8. Recent history of the Samāj

Keshub Chandar Sen died in 1884, and the Brahmo Samāj seems subsequently to have returned more or less to its first position of pure theism coupled with Hindu social reform. His successor in the leadership of the sect was Bābu P.C. Mazumdār, who visited America and created a favourable impression at the Parliament of Religions at Chicago. Under his guidance the Samāj seems to have gradually drifted towards American Unitarianism, and to have been supported in no slight degree by funds from the United States of America.262 He died in 1905, and left no one of prominent character and attainments to succeed to the leadership.
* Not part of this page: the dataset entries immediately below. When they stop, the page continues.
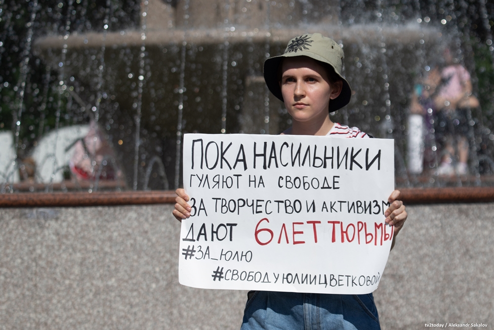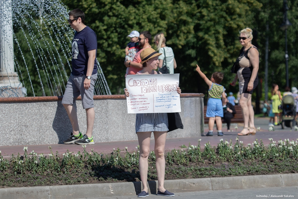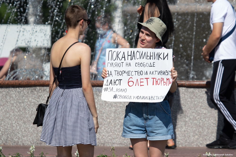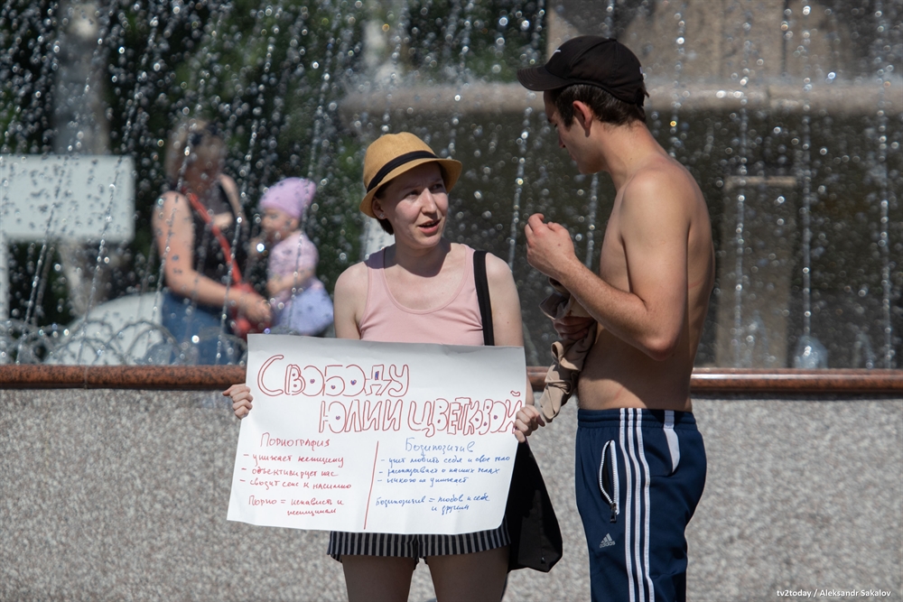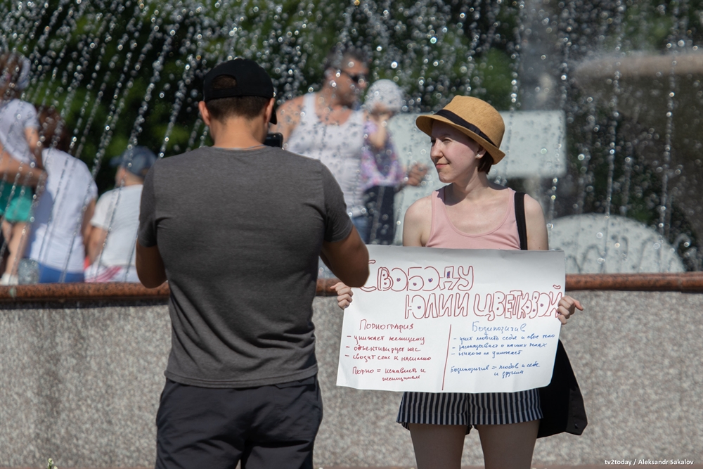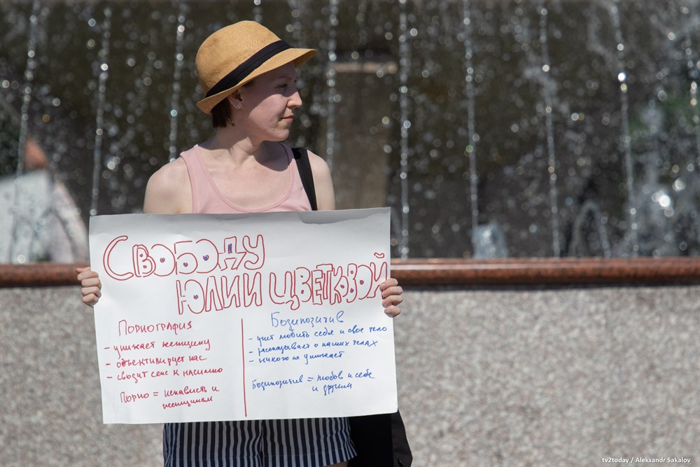 В Томске прошли одиночные пикеты в поддержку фемактивистки из Комсомольска-на-Амуре Юлии Цветковой, которой предъявили обвинение в распространении порнографии. Девушке грозит до шести лет лишения свободы.
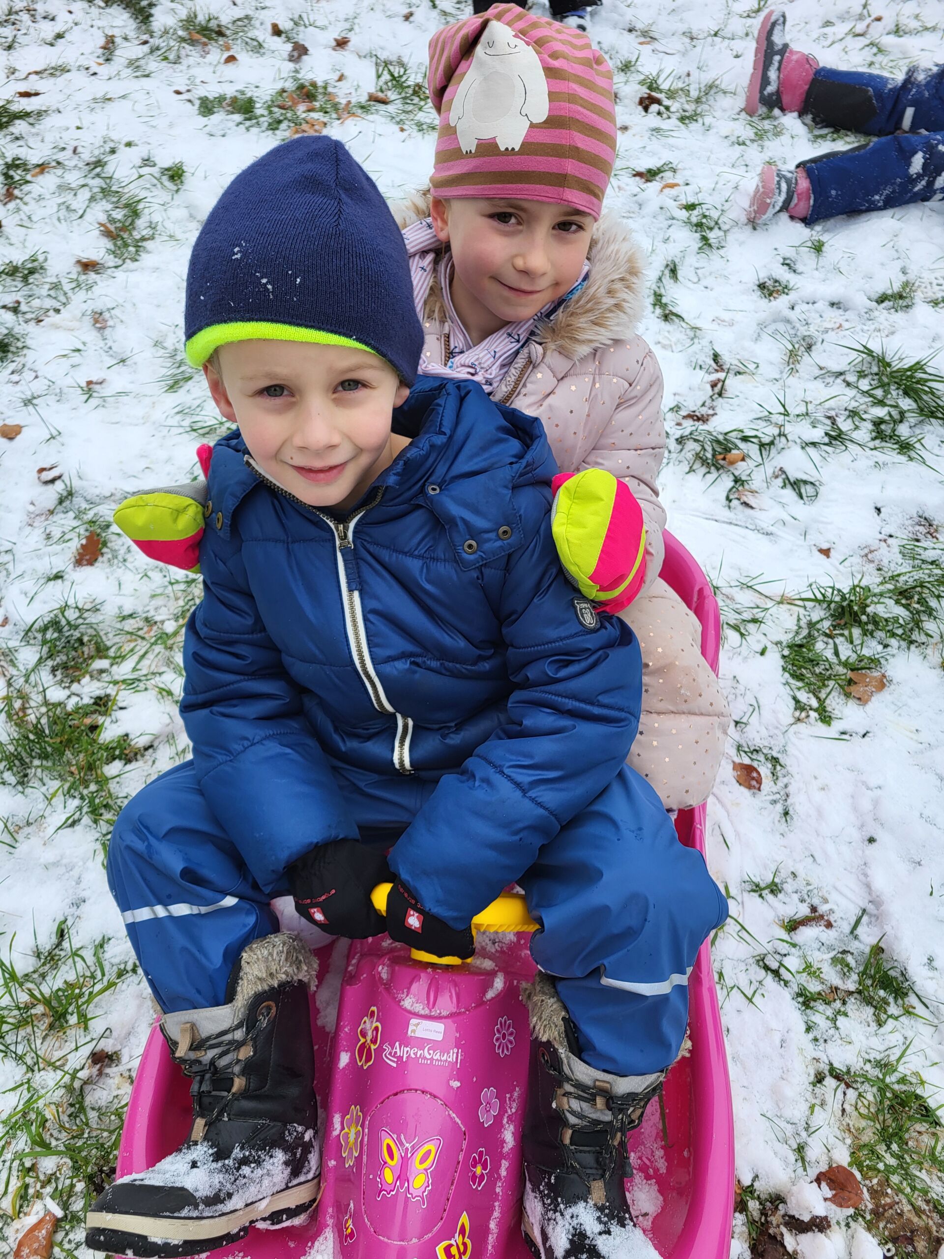 Nach dem Vorlesen ging es sportlich weiter: In den Sportstunden wagten sich die Kinder bei frischem Schnee nach draußen zum Rodeln und genossen die winterliche Landschaft.
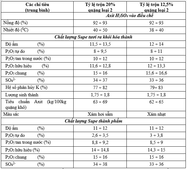 Kết quả triển khai sản xuất supe lân bổ sung quặng 2 quy mô công nghiệp (đại trà) theo các tỷ lệ sử dụng quặng loại 2 như sau:
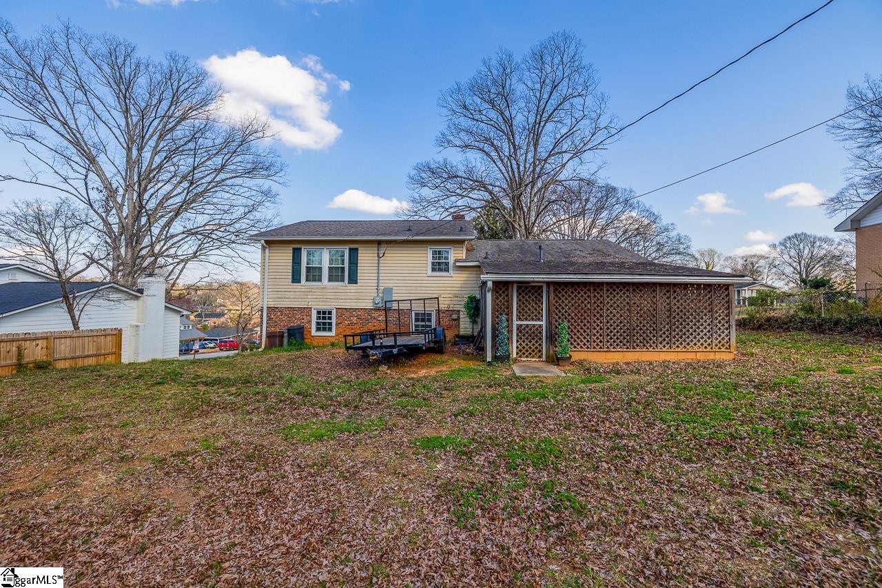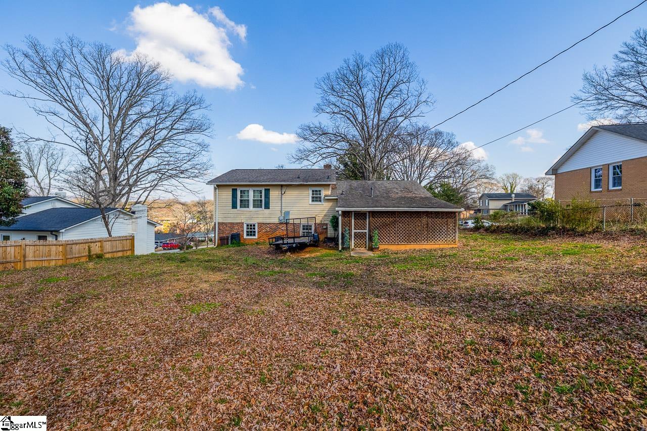 Opportunity awaits in this charming 3-bedroom, 1-bath tri-level home located just minutes from vibrant downtown Greenville. Situated on a spacious lot in the rapidly growing Chestnut Hills area, this property offers incredible potential for a homeowner looking to personalize a space or an investor seeking their next opportunity. Best of all, the home is not part of an HOA, providing flexibility and freedom for the next owner. As you enter, you’re welcomed by a cozy living room accented with crown molding that flows throughout the home. The kitchen features granite countertops, a built-in wall oven, drop-in cooktop, and ample cabinet space, with an adjoining dining area that makes hosting and everyday meals convenient. Upstairs, you’ll find hardwood floors and three generously sized bedrooms, including the primary bedroom with dual closets. The bathroom has been recently updated with a Bath Fitter tub, offering durability and modern appeal. The lower level presents a blank canvas ready for your vision. Already plumbed for an additional bathroom; framed for a bedroom and living area, this space provides endless possibilities. Whether you expand the home’s living space or take advantage of the separate entrance to create a potential income-producing rental, the opportunity is there. Step outside and enjoy the covered back patio overlooking the spacious, level backyard, offering a great setting for outdoor gatherings, gardening, or simply relaxing while enjoying the privacy of your lot. Major updates provide peace of mind, including crawlspace encapsulation with dehumidifier (2025), full home rewiring (2025), water heater (2023), roof (2015), and HVAC and windows replaced (2015). Conveniently located just 5 minutes from Greenville Memorial Hospital and a little over 10 minutes to the heart of downtown Greenville, you’ll enjoy easy access to dining, shopping, entertainment, and major employers. With solid updates already completed and room to add value, this home offers a fantastic opportunity in one of Greenville’s growing areas. Schedule your showing today!
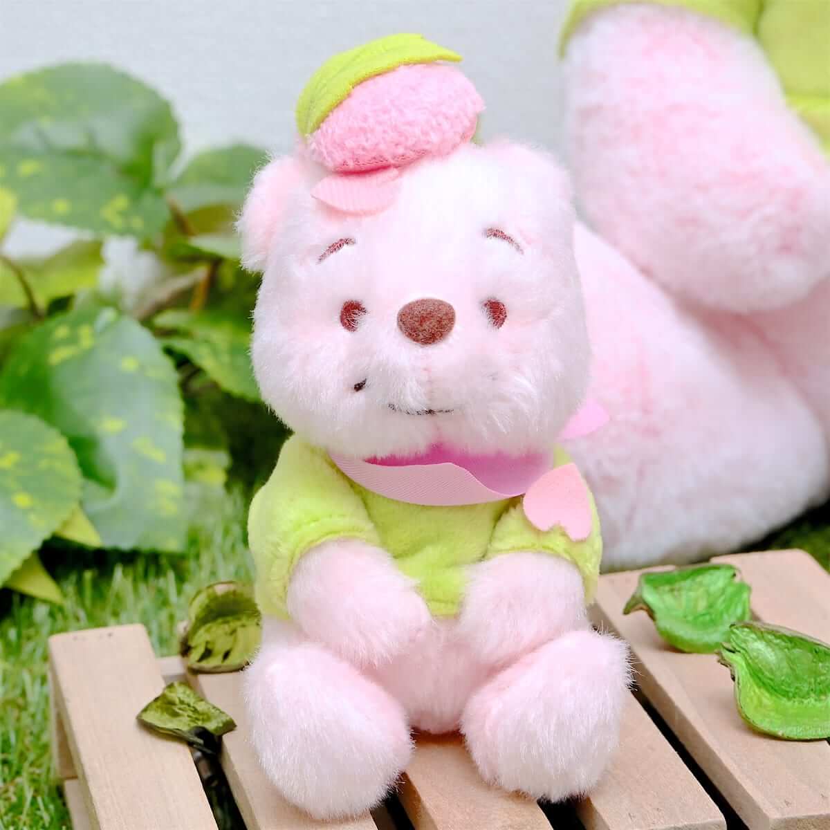 ライトピンク、ライトグリーンのふんわりかわいいサクラカラーにつつまれた『くまのプーさん』のぬいぐるみ☆
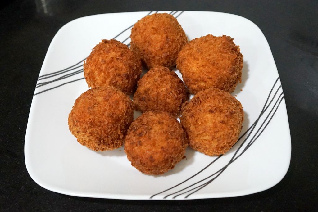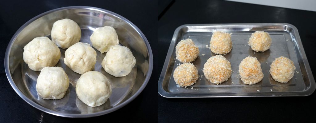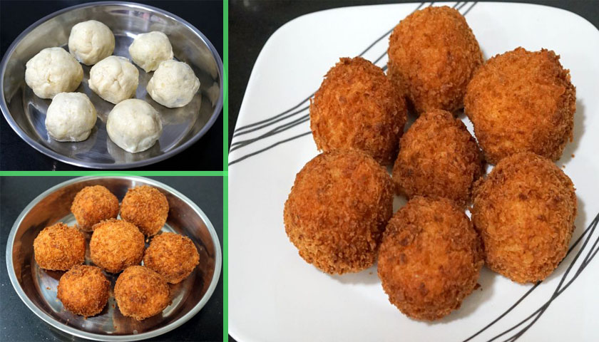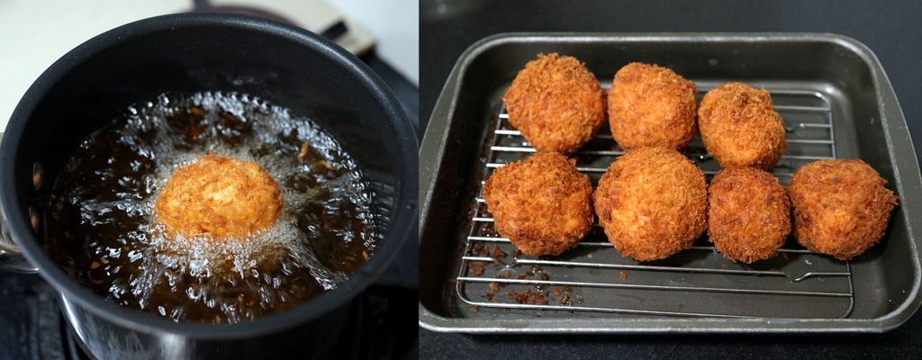 จากนั้นปั้นมันฝรั่งยัดไส้ก้อนหมูสับ นำไปชุบแป้ง ไข่ และ เกล็ดขนมปัง พักไว้ 15 นาที

In 1911 the adherents of the different branches of the Samāj numbered at the census only 5500 persons.

9. Character of the movement

The history of the Brahmo Samāj is of great interest, because it was the first attempt at the reform and purification of Hinduism made under the influence of Christianity, the long line of Vaishnavite reformers who strove to abrogate Hindu polytheism and the deadening restrictions of caste, having probably been inspired by the contemplation of Islam. The Samāj is further distinguished by the admirable toleration and broadness of view of its religious position, and by having had for its leaders three men of exceptional character and attainments, two of whom, and especially Keshub Chandar Sen, made a profound impression in England among all classes of society. But the failure of the Samāj to attract any large number of converts from among the Hindus was only what might have been expected. For it requires its followers practically to cut themselves adrift from family and caste ties and offers nothing in return but an undefined theism, not calculated to excite any enthusiasm or strong feeling in ordinary minds. Its efforts at social reform have probably, however, been of substantial value in weakening the rigidity of Hindu rules on caste and marriage.

Dādupanthi Sect. 263

Dādupanthi Sect.—One of the sects founded by Vaishnava reformers of the school of Kabīr; a few of its members are found in the western Districts of the Central Provinces. Dādu was a Pinjāra or cotton-cleaner by caste. He was born at Ahmadabād in the sixteenth century, and died at Nārāyana in the Jaipur State shortly after A.D. 1600. He is said to have been the fifth successor in spiritual inspiration from Kabīr, or the sixth from Rāmānand. Dādu preached the unity of God and protested against the animistic abuses which had grown up in Hinduism. “To this day,” writes Mr. Coldstream, “the Dādupanthis use the words Sat Rām, the True God, as a current phrase expressive of their creed. Dādu forbade the worship of idols, and did not build temples; now temples are built by his followers, who say they worship in them the Dādubani or Sacred Book.” This is what has been done by other sects such as the Sikhs and Dhāmis, whose founders eschewed the veneration of idols; but their uneducated followers could not dispense with some visible symbol for their adoration, and hence the sacred script has been enthroned in a temple. The worship of the Dādupanthis, Professor Wilson says, is addressed to Rāma, but it is restricted to the Japa or repetition of his name, and the Rāma intended is the deity negatively described in the Vedanta theology. The chief place of worship of the sect is Nārāyana, where Dādu died. A small building on a hill marks the place of his disappearance, and his bed and the sacred books are kept there as objects of veneration.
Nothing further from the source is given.